Meu pai era um tenor muito, muito bom. Ele conseguia comover as pessoas com seu canto, e para comover as pessoas com a música, primeiro é você quem tem de se emocionar com ela. Vejo meu pai parado na sala de estar da Cedarwood Road, em frente ao aparelho de som com duas das agulhas de tricô da minha mãe nas mãos. Ele é o maestro. Regia Beethoven, Mozart e Elisabeth Schwarzkopf cantando as Quatro Últimas Canções de Richard Strauss. Agora, ele está ouvindo La Traviata de olhos fechados, perdido em devaneios.

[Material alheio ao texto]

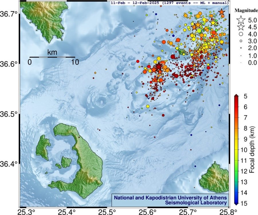 Από την αρχή της σεισμικής δραστηριότητας στη ζώνη Σαντορίνης – Αμοργού στις 26 Ιανουαρίου έως και τις 11 Φεβρουαρίου 2025, το Εργαστήριο Σεισμολογίας του ΕΚΠΑ (http://dggsl.geol.uoa.gr/) έχει ανιχνεύσει και εντοπίσει, με αυστηρά κριτήρια για τη διασφάλιση της ποιότητας των αποτελεσμάτων, συνολικά πάνω από 16.500 σεισμούς με μεθόδους μηχανικής μάθησης (τεχνητής νοημοσύνης), εκ των οποίων άνω των 14.400 με μεγέθη Μ³1.0.

Meu pai não sabe exatamente a história de La Traviata, mas pode senti-la. Pai e filho em desacordo, amantes que se afastam e se reconciliam. Ele sente a injustiça do coração humano. O dele é partido pela música.

Após a morte da minha mãe, a Cedarwood Road vai se tornando sua própria ópera. Três homens acostumados a gritar com a televisão e que agora gritam uns com os outros. Vivemos em meio à raiva e à melancolia; vivemos em meio ao mistério e ao melodrama. O tema da ópera é a ausência de uma mulher chamada Iris, e a música vai crescendo para manter o silêncio que envolve a casa e os três homens – um dos quais é só um garoto.

Meu irmão, Norman, sempre foi um solucionador de problemas do tipo mais prático, um engenheiro, um reparador, um mecânico de tudo ao redor, capaz de desmontar as coisas e remontá-las novamente. O motor da própria moto, um relógio, um rádio, um aparelho de som. Norman adorava tecnologia e música, e as duas coisas se juntaram no grande gravador de rolo cromado da Sony que ocupava um lugar de destaque em nossa “sala boa”. Norman era suficientemente empreendedor para descobrir que um gravador de rolo significava que ele não precisava continuar comprando música. Se pegasse emprestado um álbum de um amigo por uma hora, a música seria dele para sempre.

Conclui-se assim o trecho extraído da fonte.